■ **DATA RECORDS**
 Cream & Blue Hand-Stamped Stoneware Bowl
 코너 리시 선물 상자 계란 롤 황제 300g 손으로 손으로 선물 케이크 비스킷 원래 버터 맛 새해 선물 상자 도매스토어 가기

* * *

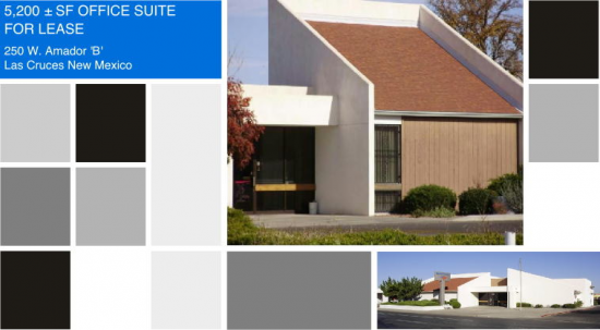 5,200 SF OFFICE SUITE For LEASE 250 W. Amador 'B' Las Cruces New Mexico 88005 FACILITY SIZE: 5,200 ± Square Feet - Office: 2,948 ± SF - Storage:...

==

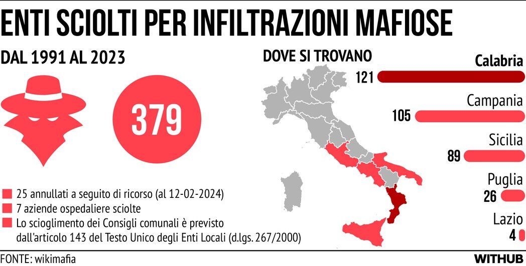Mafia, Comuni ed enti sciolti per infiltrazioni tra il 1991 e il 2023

■ **DESCRIPTION OF THE TASK**
In the listing above, the lines from the one containing "Cream & Blue Hand-Stamped Stoneware Bowl" through the one containing "코너 리시 선물 상자" must be set down exactly, with no other lines.

■ **RESPONSE**
 Cream & Blue Hand-Stamped Stoneware Bowl
 코너 리시 선물 상자 계란 롤 황제 300g 손으로 손으로 선물 케이크 비스킷 원래 버터 맛 새해 선물 상자 도매스토어 가기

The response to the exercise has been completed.